Das Wort des Altkanzlers zählt immer noch eine Menge
Dagegen scheint es vielen Bürgern an Vertrauen in Gabriel zu mangeln, auch das zeigen Umfragen. Deshalb könnte ihm Schröder für den Wahlkampf gegen Merkel eine große Hilfe sein. Trotz seiner zweifelhaften Geschäftsaktivitäten wird der Altkanzler von den Deutschen hochgeschätzt, sein Wort zählt etwas im Lande. Erst vor wenigen Tagen riet er seiner Partei in der "Wirtschaftswoche", sich die rot-rot-grüne Option für die Bundestagswahl offenzuhalten: Gabriel würde es enorm helfen, wenn Schröder den Deutschen im Wahlkampf die Angst vor einem Linksbündnis nimmt - wohl die einzige Option, um Merkel abzulösen.

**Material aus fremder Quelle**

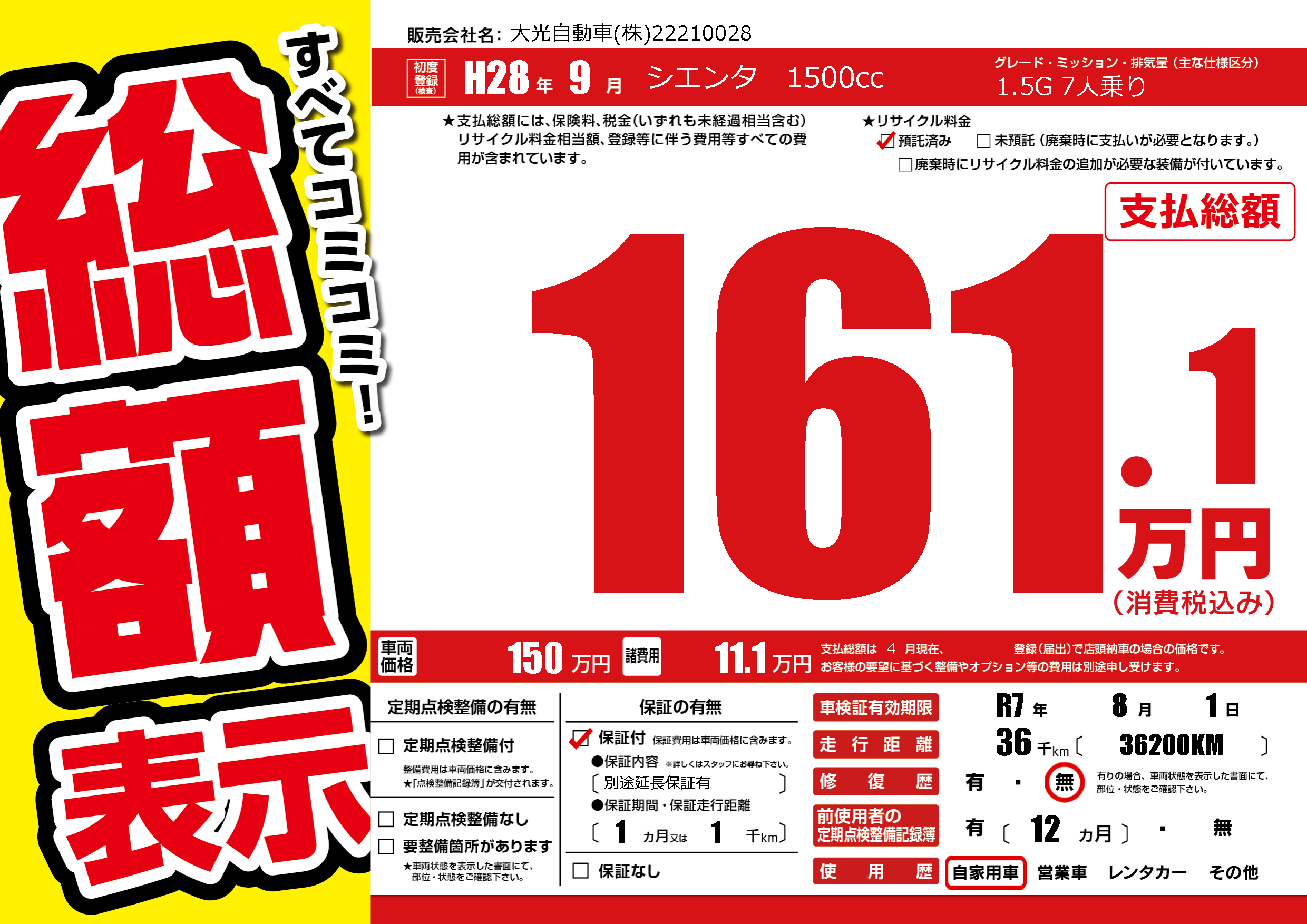 | 車名 | シエンタ 1500cc | グレード ミッション 排気量 |

Der Vizekanzler sucht schon seit geraumer Zeit den Rat Schröders vor wichtigen Entscheidungen. Die beiden treffen sich in unregelmäßigen Abständen, telefonieren häufig. Unlängst hat der Altkanzler Wirtschaftsminister Gabriel sogar richtig aus der Patsche geholfen: Erst die Schlichtung durch Schröder und den Chef der Dienstleistungsgewerkschaft Verdi, Frank Bsirske, brachte die festgefahrenen Verhandlungen über die Rettung der Arbeitsplätze bei Kaiser`s Tengelmann zu einem guten Ende.
Gabriel hat wiederum dafür gesorgt, dass Schröder und seine Partei sich wieder annähern: Im vergangenen Dezember sprach der Altkanzler zum ersten Mal seit acht Jahren auf einem Bundesparteitag. Seitdem trat Schröder vermehrt auf SPD-Veranstaltungen auf, zuletzt mit Gabriel auf einem Industriekongress in Düsseldorf.
Schröder könnte Gabriels bester Mann sein. Jetzt muss der SPD-Chef nur noch antreten.